- _RECORDS PROVIDED_:
- - - - - - -
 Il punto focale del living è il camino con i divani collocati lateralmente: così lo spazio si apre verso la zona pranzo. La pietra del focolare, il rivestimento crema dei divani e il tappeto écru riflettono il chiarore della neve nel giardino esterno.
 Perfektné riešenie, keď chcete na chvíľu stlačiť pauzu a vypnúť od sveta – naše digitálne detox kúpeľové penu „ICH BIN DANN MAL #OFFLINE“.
- - - - - - -
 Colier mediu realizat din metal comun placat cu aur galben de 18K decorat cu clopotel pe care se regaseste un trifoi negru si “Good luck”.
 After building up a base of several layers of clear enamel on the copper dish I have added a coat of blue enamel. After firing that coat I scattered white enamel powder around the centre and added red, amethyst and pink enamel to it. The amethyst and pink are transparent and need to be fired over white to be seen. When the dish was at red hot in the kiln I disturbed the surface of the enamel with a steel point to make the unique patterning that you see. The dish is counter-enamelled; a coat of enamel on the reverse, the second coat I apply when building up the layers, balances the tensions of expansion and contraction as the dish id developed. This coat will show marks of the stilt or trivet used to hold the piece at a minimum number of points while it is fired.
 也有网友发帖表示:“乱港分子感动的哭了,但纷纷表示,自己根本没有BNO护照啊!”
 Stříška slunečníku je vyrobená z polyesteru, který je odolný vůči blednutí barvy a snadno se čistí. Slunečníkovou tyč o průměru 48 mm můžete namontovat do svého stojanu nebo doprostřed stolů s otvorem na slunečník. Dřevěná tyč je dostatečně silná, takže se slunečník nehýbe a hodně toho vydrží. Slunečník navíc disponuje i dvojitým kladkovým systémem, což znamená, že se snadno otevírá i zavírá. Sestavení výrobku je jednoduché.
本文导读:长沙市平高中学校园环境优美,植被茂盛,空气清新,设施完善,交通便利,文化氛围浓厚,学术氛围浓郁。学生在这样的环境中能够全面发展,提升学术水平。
- - - - - - -
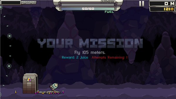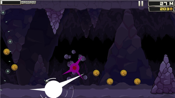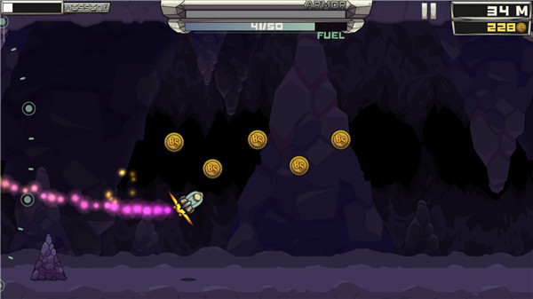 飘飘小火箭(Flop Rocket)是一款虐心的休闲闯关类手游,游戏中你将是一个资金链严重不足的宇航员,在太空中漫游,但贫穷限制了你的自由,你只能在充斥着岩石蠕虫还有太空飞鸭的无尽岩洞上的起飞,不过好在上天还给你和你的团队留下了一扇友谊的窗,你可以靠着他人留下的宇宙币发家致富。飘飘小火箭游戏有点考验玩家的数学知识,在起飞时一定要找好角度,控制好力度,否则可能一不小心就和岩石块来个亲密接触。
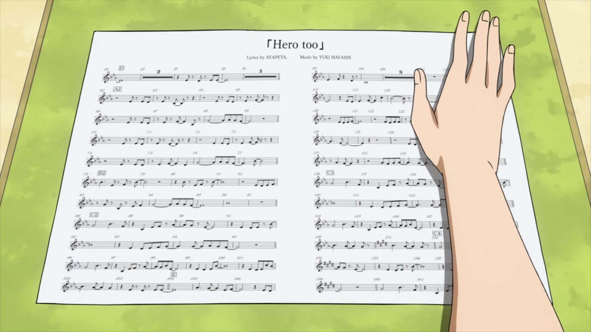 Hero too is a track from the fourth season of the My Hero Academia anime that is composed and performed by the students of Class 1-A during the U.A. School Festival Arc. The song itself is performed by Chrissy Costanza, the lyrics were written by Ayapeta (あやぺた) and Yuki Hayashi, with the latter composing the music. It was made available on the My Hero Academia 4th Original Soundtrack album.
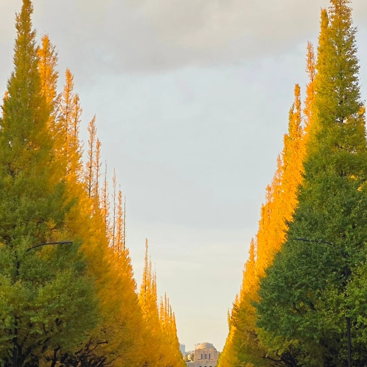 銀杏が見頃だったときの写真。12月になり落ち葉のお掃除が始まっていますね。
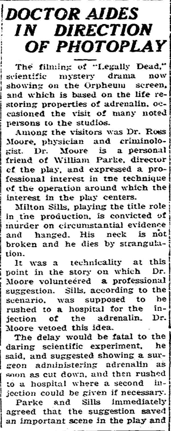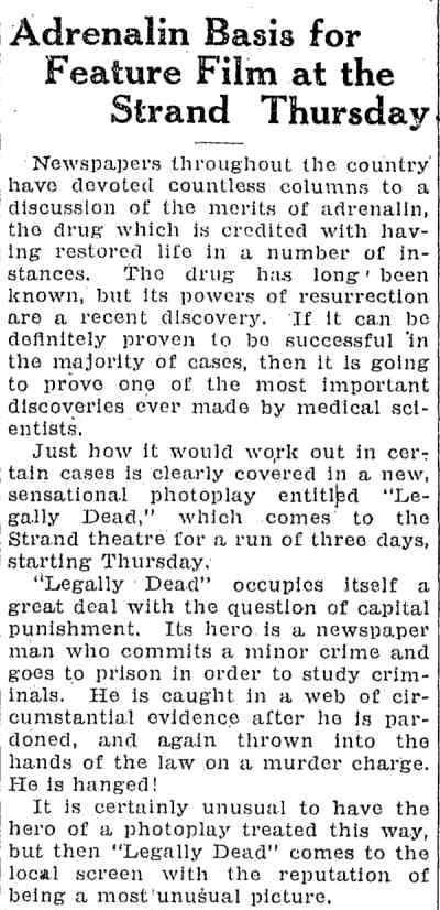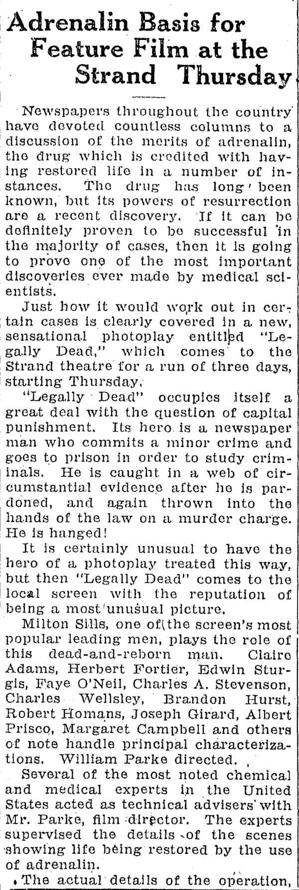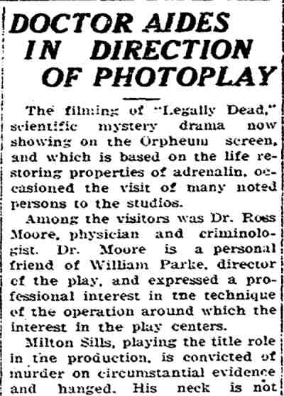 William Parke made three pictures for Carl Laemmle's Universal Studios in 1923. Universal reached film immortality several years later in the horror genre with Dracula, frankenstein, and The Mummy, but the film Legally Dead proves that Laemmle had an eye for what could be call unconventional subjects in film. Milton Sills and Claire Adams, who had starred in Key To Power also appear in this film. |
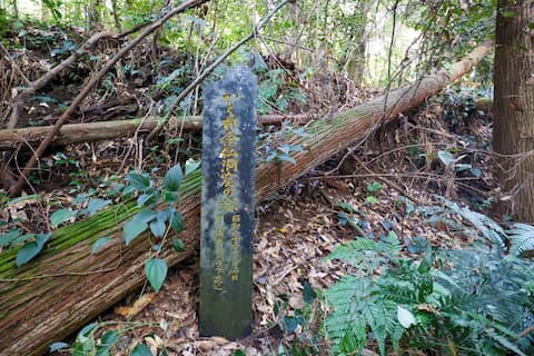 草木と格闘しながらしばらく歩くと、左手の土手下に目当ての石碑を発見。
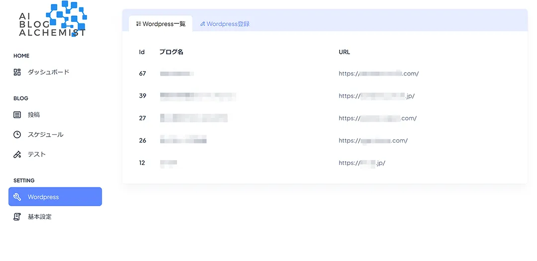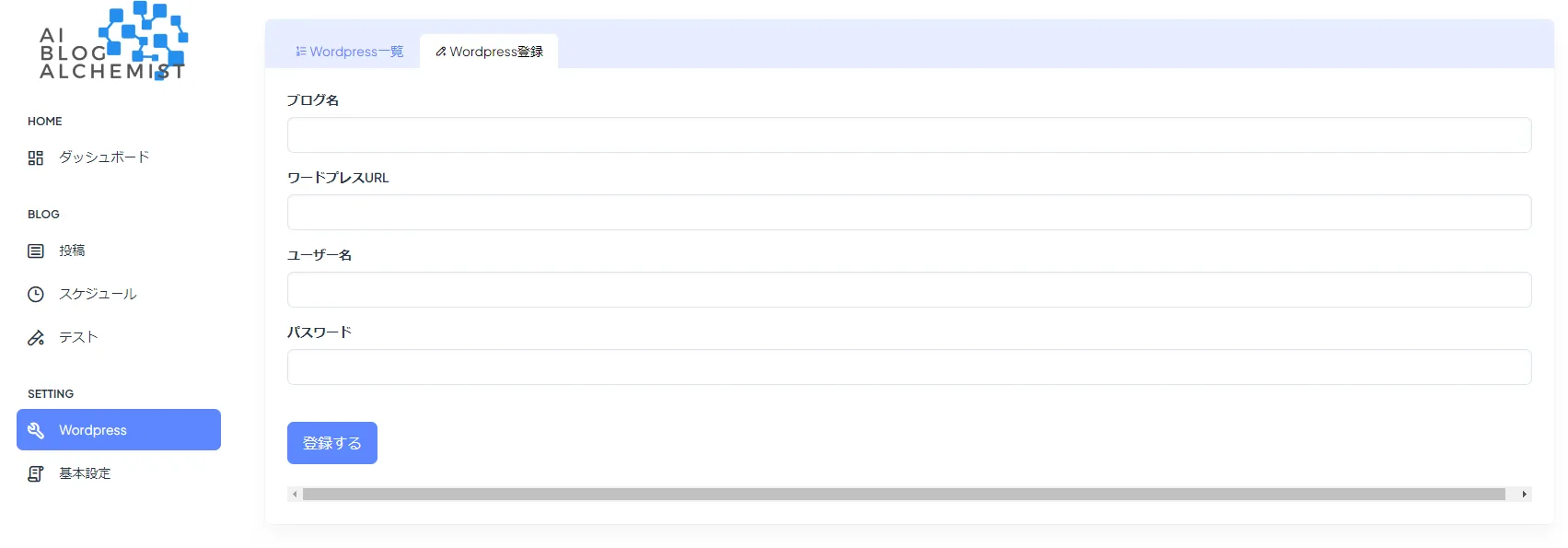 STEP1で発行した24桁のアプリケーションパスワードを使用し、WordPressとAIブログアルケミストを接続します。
- - - - - - -
- _WHAT TO WORK ON_: Take the material above from the line bearing "William Parke made" through the line bearing "STEP1で発行した24桁の" and write it out exactly, both end lines included. Pictures stay out.

- _WRITTEN ANSWER_:
 William Parke made three pictures for Carl Laemmle's Universal Studios in 1923. Universal reached film immortality several years later in the horror genre with Dracula, frankenstein, and The Mummy, but the film Legally Dead proves that Laemmle had an eye for what could be call unconventional subjects in film. Milton Sills and Claire Adams, who had starred in Key To Power also appear in this film. |
 草木と格闘しながらしばらく歩くと、左手の土手下に目当ての石碑を発見。
 STEP1で発行した24桁のアプリケーションパスワードを使用し、WordPressとAIブログアルケミストを接続します。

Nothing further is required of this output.